Ein wesentlicher Faktor sind außerdem die Auswirkungen von Anspannung, Leistungsdruck und Stress, die sich natürlich psychisch niederschlagen, aber ebenso sichtbar werden in den vielfältigen Verspannungen, die sich in unserem Muskelapparat und den Faszien ansiedeln – oft diagnostiziert als unspezifische Schmerzen. Über 80% der Bevölkerung leidet Schmerzen oder hat im Leben bereits einmal solche Schmerzen gehabt:
Wer hat nicht schon einmal den Pfeil einer Hexe beim „Hexenschuß“ im unteren Rücken gespürt oder „zuviel Last auf den Schultern“ – viele haben eine „Achillesverse“ – und wem sitzt nicht öfter „etwas im Nacken“?
Das Eine oder Andere kennen wir alle. Die Frage ist nur, wie wir mit den Signalen unseres Körpers umgehen. Ignorieren wir den Schmerz, so lange es geht oder nehmen Medikamente, um weiter funktions- und leistungsfähig zu bleiben, bis es nicht mehr geht?

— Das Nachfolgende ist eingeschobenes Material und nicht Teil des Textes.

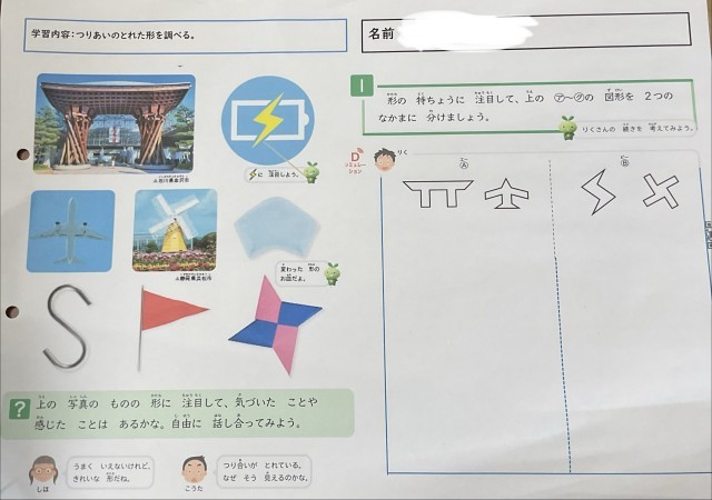 授業の冒頭、子供たちの手元に配られたのは、金沢駅の「鼓門」、飛行機、風車、そしておなじみのマークが並んだワークシートです。
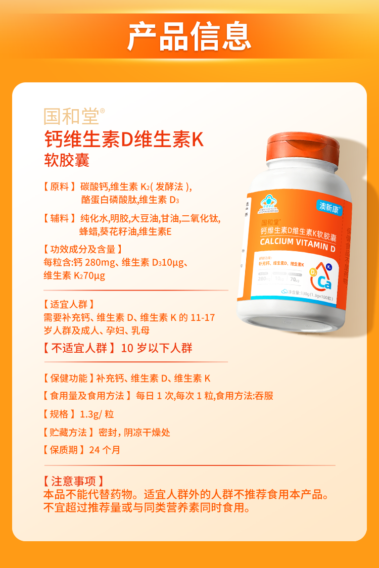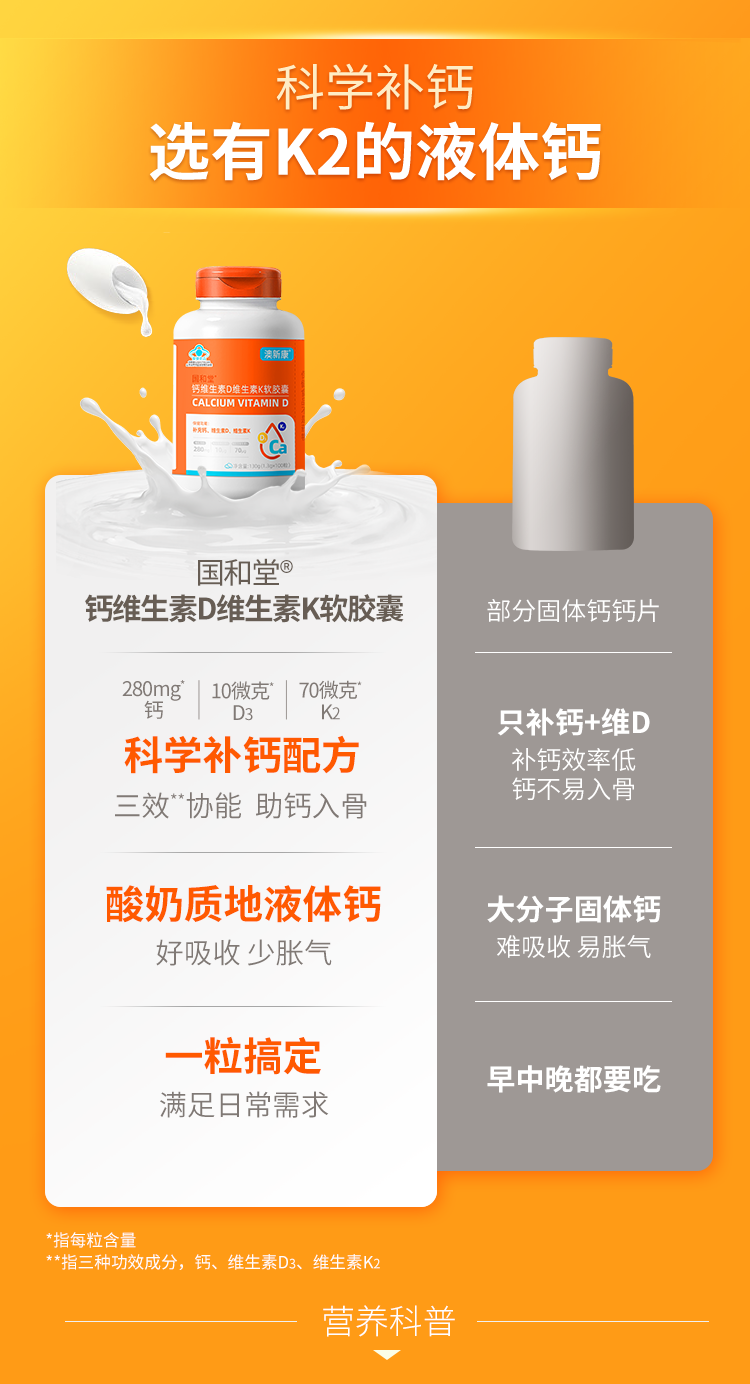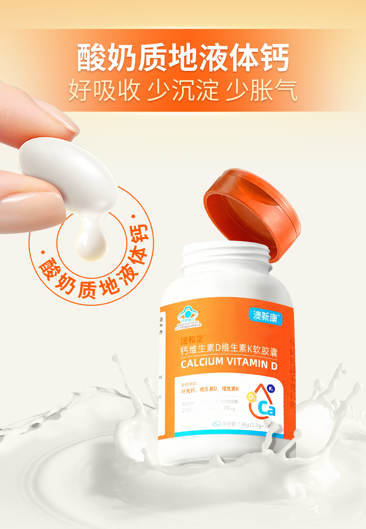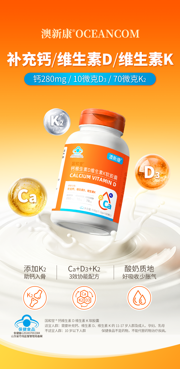 ⁵【蓝帽子钙+VD+K液体钙 】每粒含钙280mg+维生素D3-400IU+ K2 100粒/瓶 YY05-QTT-AXK
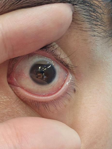 오늘보니 눈이 이상해서 촬영해봤습니다. 눈위에 검은자가 가려지는거같은데 이건 왜이런건가요 ㅠㅠ 무서워요...
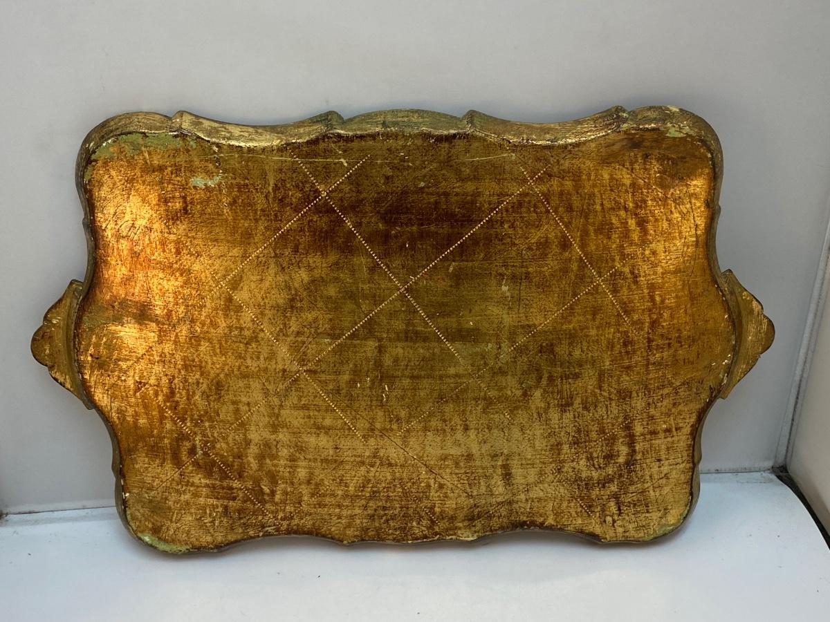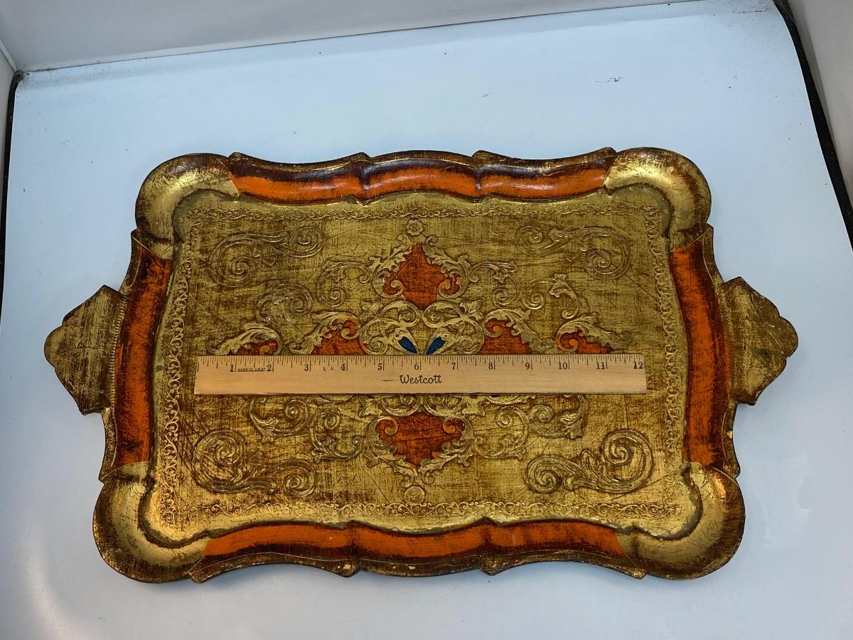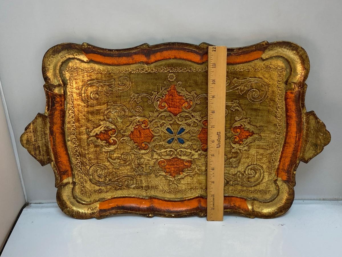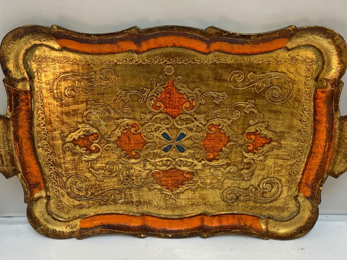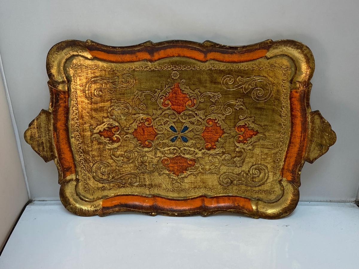 Vintage Mid Century Hollywood Regency Italian Florentine Gold & Orange Serving Tray Platter. In good vintage condition. Brilliant gold with orange and a hint of blue accents. Ornate embossed design. About 12" wide and close to 18" long. Did not notice or see any maker mark or name on the back.
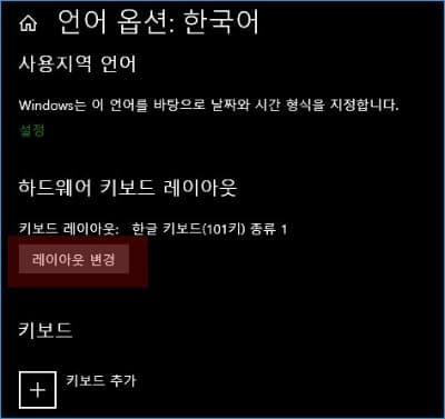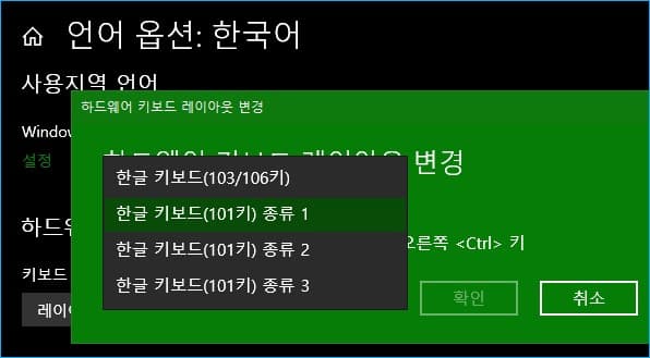 윈도우10을 사용하는 경우 시작- 설정 - 시간 및 언어 - 언어 - 한국어의 옵션 - 레이아웃 변경 - 하드웨어 키보드 레이아웃을 한글 키보드(101키) 종류 1로 선택합니다.
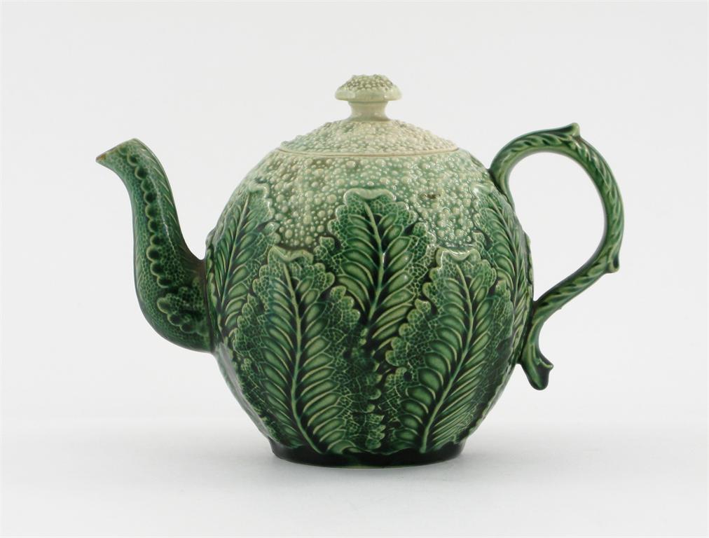 A creamware cauliflower teapot and cover, the lid and shoulders moulded as the creamy flower, the handle, spout and base as the darker green leaves, 19th century, a crack to the base, 18cm. (2)
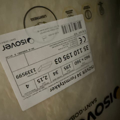 Isover Formstykker isoleringsmateriale med dimensionerne 960 x 560 x 195 mm og en densitet på 37 kg/m³. Produktet har en varmeledningsevne på 0,029 W/m·K og er klassificeret i brandklasse S.
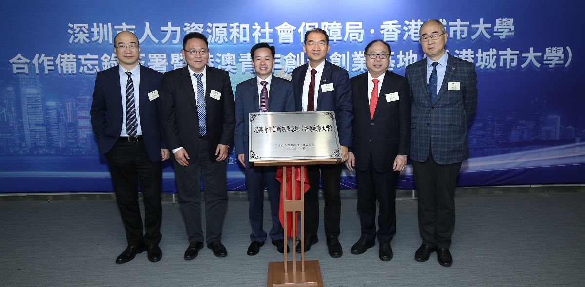 Guests co-hosted a plaque-unveiling ceremony of the “Hong Kong-Macao Youth Innovation and Entrepreneurial Base (City University of Hong Kong)”. From left: Mr Zhao Zhongliang, Director of the SZHRSS Bureau; Mr Zhu Wu, Deputy Secretary-General of the Shenzhen Municipal People’s Government; Mr Chen Qing, Vice Mayor of the Shenzhen Municipal People’s Government; Professor Michael Yang Mengsu, CityU Vice-President (Research and Technology); Dr Raymond Leung Siu-hong, CityU Council Member and Board Chairman of CityU Enterprises Limited; and Professor Raymond Chan, CityU Acting Vice-President (Student Affairs).
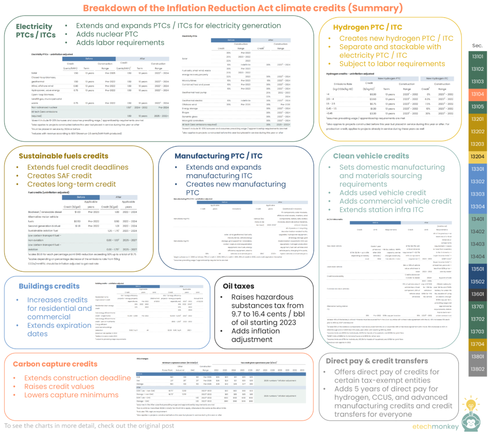 I’ve taken a (painfully) close read of the bill and summarized the climate credits provisions below. There are additional sections that provide funding for government entities / agencies for specific programs that aren’t covered but that are listed out in other sources, also below.
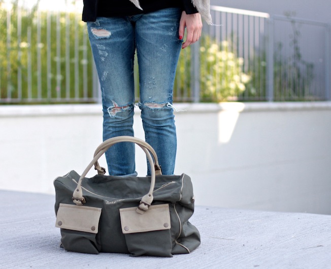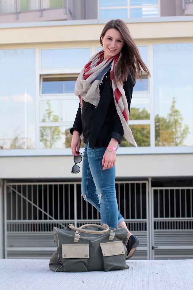 Spesso molte di voi mi chiedono che look utilizzo per andare in università, solitamente opto per look molto semplici (felpa+jeans, maglione+ jeans ecc) perché la mattina presto ho poca fantasia ma sopratutto perché ci tengo ad avere look molto sobri quando sono in università. Martedì, però, avevo un look un po’ diverso dal solito e così, questa volta, ho deciso di scattare per il blog il mio look appena uscita da lezione. Indossavo i miei jeans preferiti del momento, una tshirt basic, una giacca destrutturata di H&M, ballerine semplici e una sciarpa per arricchire il tutto! Per portare con me libri, appunti, Mac e tutto il necessario da un po’ di tempo a questa parte uso il borsone di Severe Gusts Italy che si è rivelato proprio l’accessorio perfetto per me!
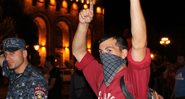"Кавказский узел" информировал, что с 17 июля вооруженные члены оппозиционного движения "Учредительный парламент" захватили здание полка полиции в Ереване. Они выдвинули требования об освобождении политзаключенных, включая своего лидера Жирайра Сефиляна, а также отставке Сержа Саргсяна и формировании временного правительства. В день захвата здания погиб офицер полиции, еще шестеро человек были ранены. К 23 июля мятежники освободили всех взятых в заложники полицейских. Сегодня ночью в результате перестрелки полицейских и мятежников были ранены пять человек, трое из них госпитализированы.

Oder hören wir auf den Hilferuf und suchen uns Unterstützung, um dem Körper die Möglichkeit zu geben, sich selbst zu helfen? Gönnen wir uns im getakteten Alltag Ruhephasen, Entspannung und die Freude an der Bewegung, die das Gleichgewicht von Körper und Geist wieder herstellen und erhalten kann?
Die Physiotherapie kann Ursachen des Schmerzes sichtbar machen, die auf einem Röntgenbild nicht zu erkennen sind. Sie ist eine wichtige Ergänzung oder sogar Alternative zur medikamentösen oder operativen Behandlung unserer Schmerzen und kann uns im besten Fall die Freude an der Bewegung zurückgeben.
Physiotherapie kann uns außerdem einen Weg zeigen, durch Selbstfürsorge Schmerzen vorzubeugen:
Ein Lebensstil, der Bewegung und Entspannung als feste Bestandteile enthält – kombiniert mit einer gesunden Ernährung mit wenig Fleisch, ohne zu viel Alkohol, Fett, Zucker und Nikotin – sorgt automatisch für mehr Flexibilität und Lebensqualtität – in Körper und Geist.